It’s a bedrock principle of American law that average people can vindicate their legal and constitutional rights in courts of law and have those courts compel or prevent acts of other branches of government.
From preventing the taking of private property without compensation, to ordering necessary services for, say, people living with disabilities, or even an incarcerated person, such action can take several forms.
Without such a rule, many basic rights would be rendered as effectively meaningless as they are in countries like Putin’s Russia and Xi’s China.
Although there are literally thousands of examples from American jurisprudential history that illustrate this basic premise, a classic example is the 1963 U.S. Supreme Court case of Gideon v. Wainwright. In that case, the Court ruled that an indigent criminal defendant has the fundamental right to have the assistance of counsel in order to have a fair trial, and that it is the state’s obligation to provide such counsel for free.
Or take the 1982 case of Plyler v. Doe, in which the court established the basic rule that states must provide free public education to all children – including those who are undocumented.

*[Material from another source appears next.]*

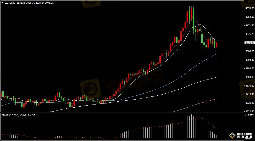 金價日線圖看,日內金價振盪回升最高觸及5日均線附近,目前金價仍然處在5日和10日均線下方。由於今晚公佈“小非農”數據,估計屆時金價將會大幅波動,關注金價上攻3988美元和4005美元突破能力,下方支撐關注3925美元、3900美元或3885美元附近;指標看,5日與10日維持空頭排列,MACD指標正動能柱持續減少,RSI指標回升至49位置附近運行。

And then, as noted above, there are the scores of cases – some of them in my home state of North Carolina – in which courts have ordered governments to provide humane and adequate conditions in prisons, jails, and institutions that house people living with mental illness, substance abuse problems or developmental disabilities.
It’s true that the oversight process for enforcing such judgments frequently gets messy and contentious. But the basic premise – that courts have the fundamental power to compel government action (even when it requires the expenditure of public resources) – remains (and should remain) unassailable.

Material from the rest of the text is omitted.